Properties needed for new biocides
Differing views were presented as to the kinds of properties a new biocide should ideally have. Only one interviewee stated that a new biocide should comply with certain standards so that use of such a biocide would not lead to demands for warning labels. Moreover, the biocide should be effective so that it could be used only in small amounts. On the contrary, however, another interviewee stated that it would be useful if a new biocide could be used in large amounts, but without warning labels. In general, interviewees were of the opinion that a new biocide should be highly effective, broad-spectrum and safe to use with no sensitization problems. In addition, the interviewees from the paint industry all agreed that there is a clear need for new dry film preservatives.

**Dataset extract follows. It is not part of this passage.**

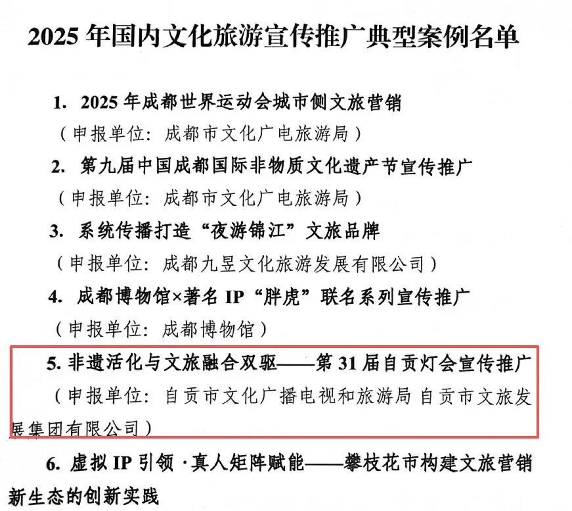 近日,在文化和旅游廳組織開展的2025年國內(nèi)文化旅游宣傳推廣典型案例評選活動中,由自貢市文化廣播電視和旅游局、自貢市文旅發(fā)展集團有限公司選送的“非遺活化與文旅融合雙驅(qū)——第31屆自貢燈會宣傳推廣”宣傳推廣案例,成功被列入2025年國內(nèi)文化旅游宣傳推廣典型案例名單。

There also appears to be need for biocides that would function with a completely different mechanism compared to the biocides in use currently. Such a new biocide could be e.g. some natural raw material that would have biocidal attributes. It was also mentioned that a new biocide should also be suitable for many different kinds of products and have a good solubility. The company manufacturing biocides listed cost-effectiveness as the most important attribute in addition to the biocide being safe and rapidly degradable to harmless end-products.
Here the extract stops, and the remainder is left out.